Storing and retrieving historical data using SQL / relational database
Given this table:
CREATE TABLE DeptPeopleHistory (
DEPT_ID INTEGER,
PERSON_ID INTEGER,
START_DATE INTEGER,
END_DATE INTEGER,
UNIQUE(DEPT_ID, START_DATE, PERSON_ID), -- works as sorted index.
UNIQUE(PERSON_ID, START_DATE),
UNIQUE(PERSON_ID, END_DATE),
CONSTRAINT (START_DATE < END_DATE)
);
I have two needs. The first is to get all people that works on a given department at a given date. Currently I use this (semantically correct) query:
SELECT PERSON_ID FROM DeptPeopleHistory
WHERE
DEPT_IT = :given_dept AND
START_开发者_Python百科DATE <= :given_date AND :given_date < END_DATE
This is fast for small history table or querying recent data, but is slow for big history tables and old data, because the optimizer uses only the first index and there's no good way to deal with END_DATE. I've tried to add END_DATE to the first index, but query performance is the same. I guess it's because the sub-filter (DEPT_IT=:given_dept AND START_DATE <= :given_date) when applied to a sorted index (DEPT_ID, START_DATE, END_DATE, PERSON_ID) results in data with unsorted END_DATE, so (:given_date < END_DATE) still requires a sequential scan on the result.

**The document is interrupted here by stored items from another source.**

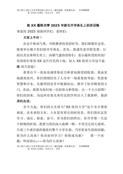 / 【七哥公文】2025年:在XX医科大学2025年新生开学典礼上的讲话稿+更多免费公文+VX:QiGeGongWen2024
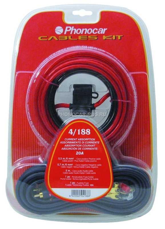 Состав: Силовая часть Сечение: 6 мм.2 Сечение: 10 Ga Длина кабелей: Плюс - 5,5 м. Минус - 0,7 м. М/б кабель RCA-RCA 5 м. Держатель предохр. Предохранитель 40 А. Клеммы. Упаковка 1 шт.
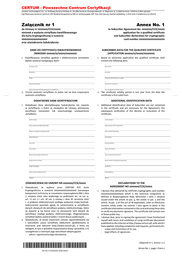 CERTUM - Powszechne Centrum Certyfikacji Unizeto Technologies S.A., ul. Królowej Korony Polskiej 21, 70-486 Szczecin; Korespondencja: ul. Bajeczna 13, 71-838 Szczecin, Infolinia 0-801 540340 Sąd Rejonowy Szczecin-Centrum XIII Wydział Gospodarczy KRS nr 0000233499, NIP: 852-000-64-44, Kapitał zakładowy: 5 600 000 zł (wpłacony w całości) Załącznik nr 1 Annex No. 1 do Umowy nr 000000/CCK/0000 wniosek o wydanie certyfikatu kwalifikowanego dla karty kryptograficznej o numerze 0000000000000000 oraz oświadczenia Subskrybenta to Subscriber Agreement No. 000000/CCK/0000 application for a qualified certificate and Subscriber declaration for cryptographic card number 0000000000000000 -DANE DO CERTYFIKATU KWALIFIKOWANEGO (WNIOSEK 00000/0/0000/000000) -SUBSCRIBER DATA FOR THE QUALIFIED CERTIFICATE (APPLICATION 00000/0/0000/000000) 1. Kwalifikowany certyfikat zgodnie z elektronicznym wnioskiem będzie zawierał następujące dane: . 1. Based on electronic application the qualified certificate shall contain the following data: . Pierwsze imię First name . . Nazwisko Surname . . PESEL National identification number . . Kraj zamieszkania Country of residence . . Nazwa powszechna występująca w certyfikacie 2. Termin ważności certyfikatu to jeden rok od dnia rozpoczęcia ważności certyfikatu. The certificate common name 2. The certificate validity period is one year from the date the certificate is first valid from. -DODATKOWE DANE IDENTYFIKACYJNE -ADDITIONAL IDENTIFICATION DATA 1. Dodatkowe dane identyfikacyjne Subskrybenta nie zawarte w certyfikacie, a które są niezbędne do Umowy, późniejszej weryfikacji tożsamości lub ewentualnego unieważnienia certyfikatu: . 1. Additional identification data of Subscriber are not contained in the certificate and are necessary for the Agreement, the subsequent verification of the identity or revocation of the certificate: . Numer karty Card number . . Data urodzenia (RRRR-MM-DD) Date of birth (YYYY-MM-DD) . . Miejsce urodzenia (miejscowość) Place of birth (locality) . . Obywatelstwo Citizenship . . Imię ojca Name of father . . Imię matki Name of mother . . Nazwa pierwszego dokumentu Type of identity document . . Cechy (seria i numer) Serial number of identity document . . Organ wydający Authority . . Adres poczty elektronicznej Email address . . Telefon Phone -OŚWIADCZENIA DO UMOWY NR 000000/CCK/0000 1. Oświadczam, że wydana przez CERTUM PCC karta kryptograficzna o numerze 0000000000000000 stanowiąca komponent techniczny w rozumieniu rozporządzenia RM z dnia 7. sierpnia 2002 roku wydanego na podstawie art. 10 ust. 4, art. 17 ust. 2 i art. 18 ust. 3 ustawy z dnia 18. września 2001 r. o podpisie elektronicznym podlega wyłącznej mojej kontroli. Jednocześnie wyrażam zgodę na umieszczenie w certyfikacie danych służących do weryfikacji podpisu elektronicznego, które są zawarte w tej karcie oraz na stosowanie tych danych do weryfikacji mojego podpisu elektronicznego. Wygenerowany certyfikat będzie zawierał jeden z trzech kluczy publicznych: .. 2. Oświadczam, że przed zawarciem umowy zapoznałem(am) się z warunkami użycia certyfikatu (dokument opublikowany w Internecie pod adresem http://www.certum.pl), o który się ubiegam, w tym o sposobie rozpatrywania skarg i wniosków, a w szczególności o istotnych jego warunkach obejmujących: - zakres i ograniczenia jego stosowania, -DECLARATIONS TO THE AGREEMENT NO 000000/CCK/0000 1. I declare that delivered by CERTUM cryptographic card number 0000000000000000 which is the technical component as defined in Rozporządzenie Rady Ministrów z dnia 7 sierpnia issued under the article 10 par. 4, the article 17 par. 2 and the article. 18 par. 3 of The act of 18 September, 2001 on Electronic remains solely under my control. I also agree to place in the certificate information contained in the card and using these data to verify my electronic signature. The certificate will contain one of three public key: .. 2. I declare that, prior to signing the agreement I have familiarized myself with terms and conditions of using certificate (document published on the Internet at http://www.certum.pl), with which I have applied, including complaints and requests, particularly for: - scope and restrictions of its use, - legal effects of signatures. Załącznik nr 1, strona 1 z 2 Annex No. 1, page 1 from 2 00/ 00/ 0/ 000000/ CCK/ 0000 CERTUM - Powszechne Centrum Certyfikacji Unizeto Technologies S.A., ul. Królowej Korony Polskiej 21, 70-486 Szczecin; Korespondencja: ul. Bajeczna 13, 71-838 Szczecin, Infolinia 0-801 540340 Sąd Rejonowy Szczecin-Centrum XIII Wydział Gospodarczy KRS nr 0000233499, NIP: 852-000-64-44, Kapitał zakładowy: 5 600 000 zł (wpłacony w całości) - skutki prawne składania podpisów. 3. Oświadczam, że wszystkie informacje podane przeze mnie w formularzu, są zgodne z prawdą. Wyrażam zgodę na przetwarzanie moich danych osobowych przez Unizeto Technologies S.A. i sieć Systemu Rejestracji, dla potrzeb niezbędnych do realizacji procesu certyfikacji. Ponadto, przyjmuję do wiadomości iż: mam prawo dostępu do treści danych osobowych, o których mowa wyżej, mam prawo do ich poprawiania, a administratorem tych danych będzie Unizeto Technologies S.A. z siedzibą w Szczecinie, ul. Królowej Korony Polskiej 21. 4. Adres do korespondencji: . 3. I declare that the information set forth in the form is true. I give my consent to process my personal data by Unizeto and affiliated Registration Offices for the purposes of the certification process. Furthermore, I acknowledge that: I have the right to access my personal data referred to above, I have the right to correct, and the administrator of these data will be Unizeto with seat in Szczecin, Królowej Korony Polskiej str. 21. 4. Address for correspondence: . Name and surname . Correspondence name . Imie i nazwisko Street address . . Nazwa korespondencyjna Postal code, Locality . Ulica, nr . Kod, Miasto Miejscowość i data P
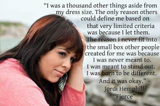Where Jordi and I are alike are our insecurities. But this isn't saying all that much, I think most American women have Jordi's same insecurities. We're designed to, courtesy of the media machine. I've done countless essays about this, but suffice it to say - if you're a woman, you have to look a certain way or fit a certain mold in order to "qualify" for your success and your happiness. Screw standing out... you just want to be accepted.
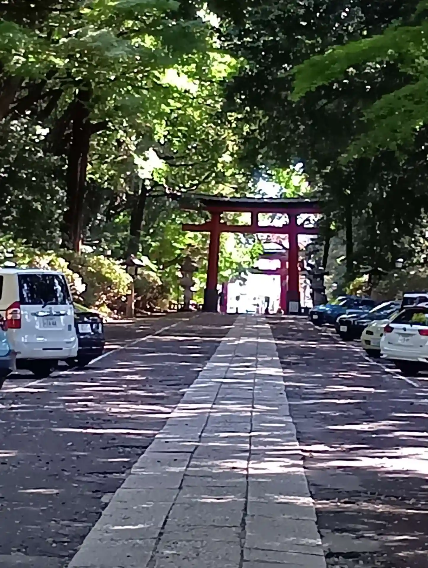 神社左手、本殿よりから入って、参道に駐車出来ます。
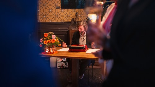 Met mijn act ‘Verhalen op verzoek’ schrijf ik al tien jaar ultrakorte, persoonlijke verhalen, ter plekke verzonnen en direct uitgetikt op een oude schrijfmachine.
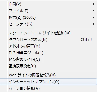 02: Internet Explorerを起動し、右上の歯車マークからインターネットオプションを選びます。
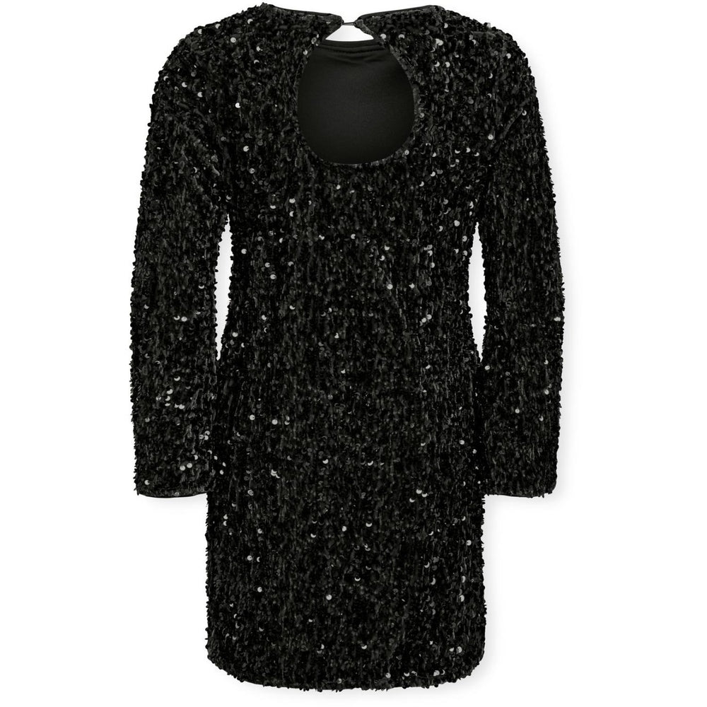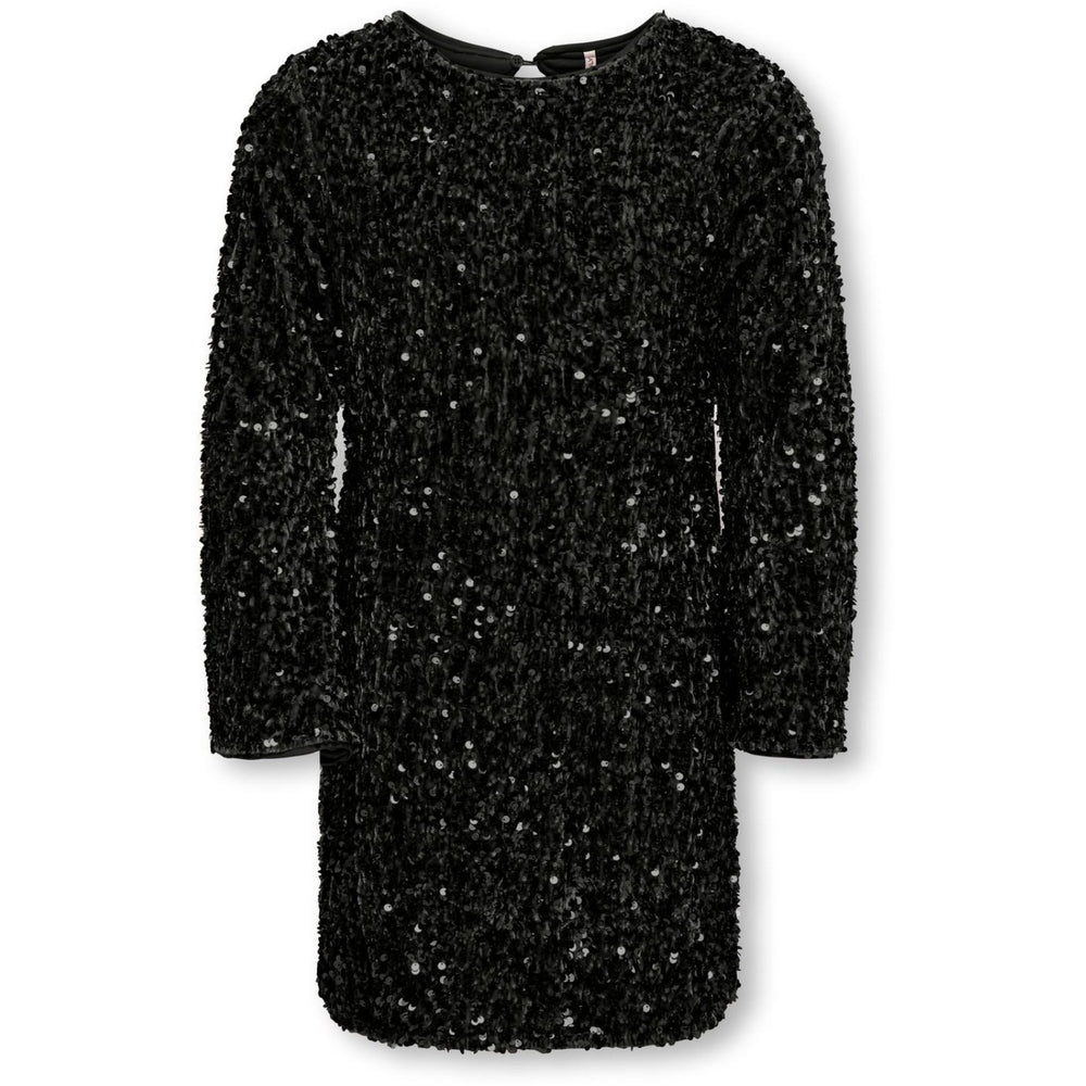 Dress your young one in the epitome of cool with the KIDS ONLY Black Kogconfidence Life Ls Seq Flrd Dress Jrs. This bodycon fit dress features a captivating round neck, long sleeves, and is adorned with dazzling sequins. Crafted for comfort, its short length makes it perfect for any occasion. A must-have for stylish, playful wardrobes.
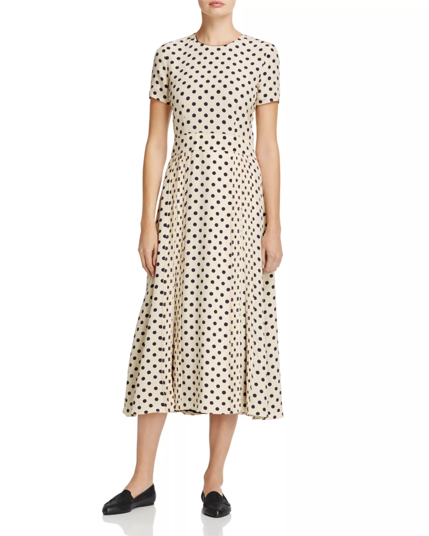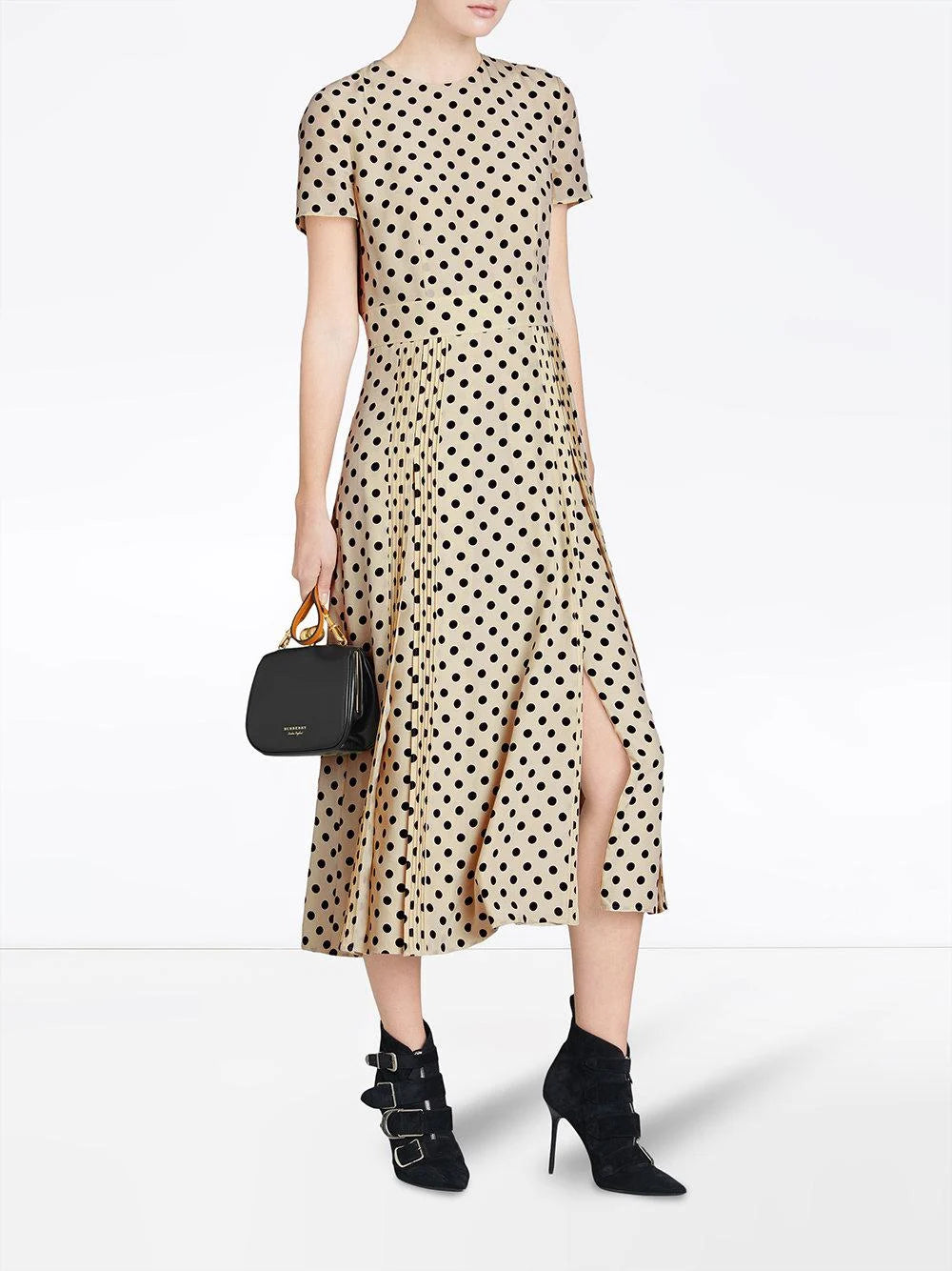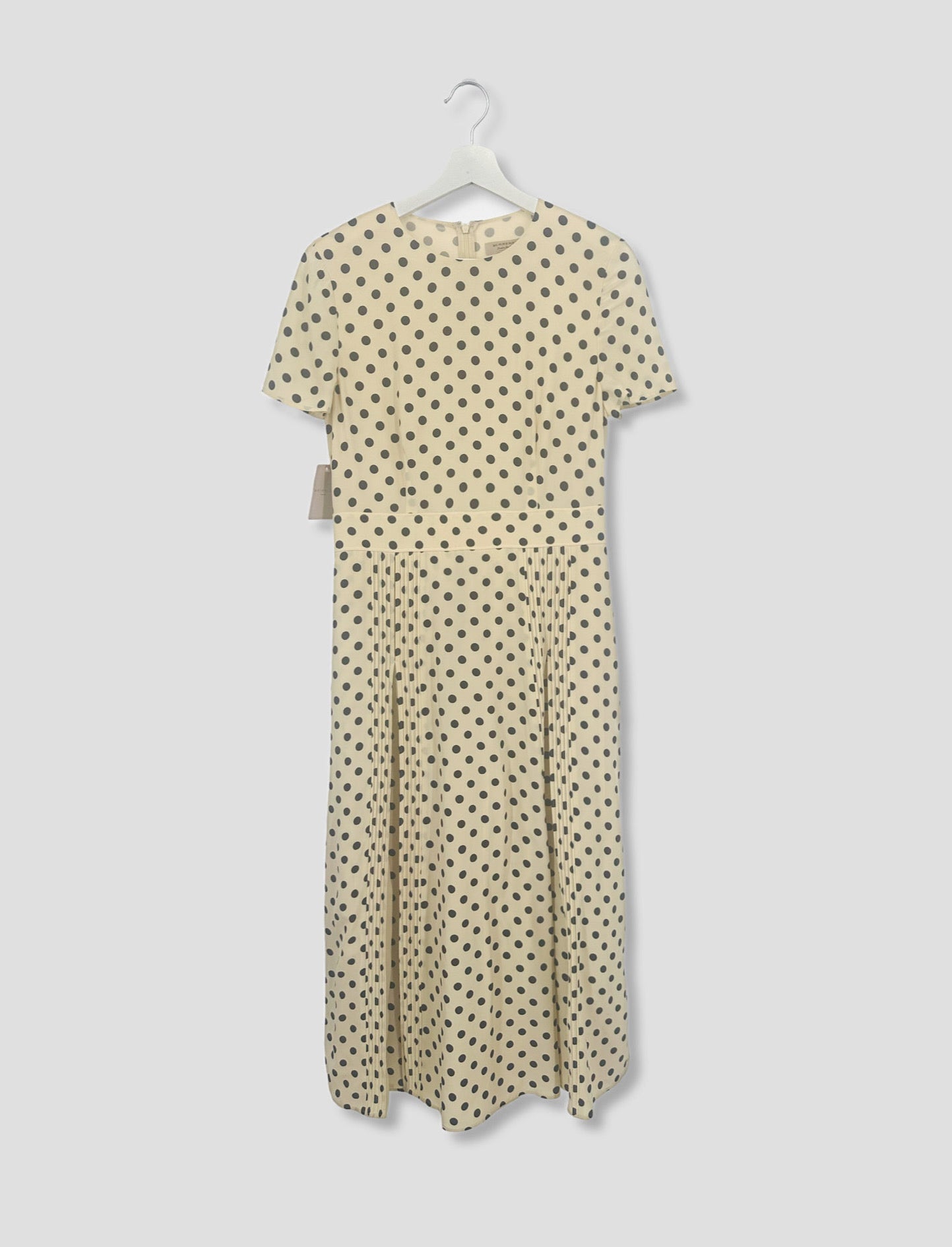 Details: Adorned with a charming polka-dot print, this gorgeous Mulberry silk dress from Burberry possesses the label's iconic tailored aesthetic with precision pleating and a fit-to-flatter silhouette.

My other need is to enforce the following constraint: a person cannot work at two departments at same time, nor twice at the same department. This means the following:
-- This must work for previously empty data:
INSERT INTO DeptPeopleHistory(DEPT_ID, PERSON_ID, START_DATE, END_DATE)
VALUES (1, 1, 20100501, 20100520);
-- This should cause constraint violation because the person already
-- works at dept 1 on days from 20100517 to 20100519:
INSERT INTO DeptPeopleHistory(DEPT_ID, PERSON_ID, START_DATE, END_DATE)
VALUES (:any_dept, 1, 20100517, 20100523);
Another way to specify this constraint, is that for a given PERSON_ID, START_DATE must be the minimum or equals to END_DATE from another record.
Looking at those two needs, we actually need an efficient way for dealing with non-intersected ranges. Do you know some feature or construct in generic SQL or some specific database than can deal with these needs? Perhaps some "spatial database" feature?
The examples are in MySQL, but I need solutions that work on Oracle, SQL Server and FireBird. The solutions don't need to be portable across all such databases.
As a starting point, I recommend the book Developing Time-Oriented Database Applications in SQL by Rick Snodgrass, available as a free PDF download. Looks like you can jump right in a chapter 5 and read through chapters 6 and 7 (but don't dismiss the alternative approaches in later chapters).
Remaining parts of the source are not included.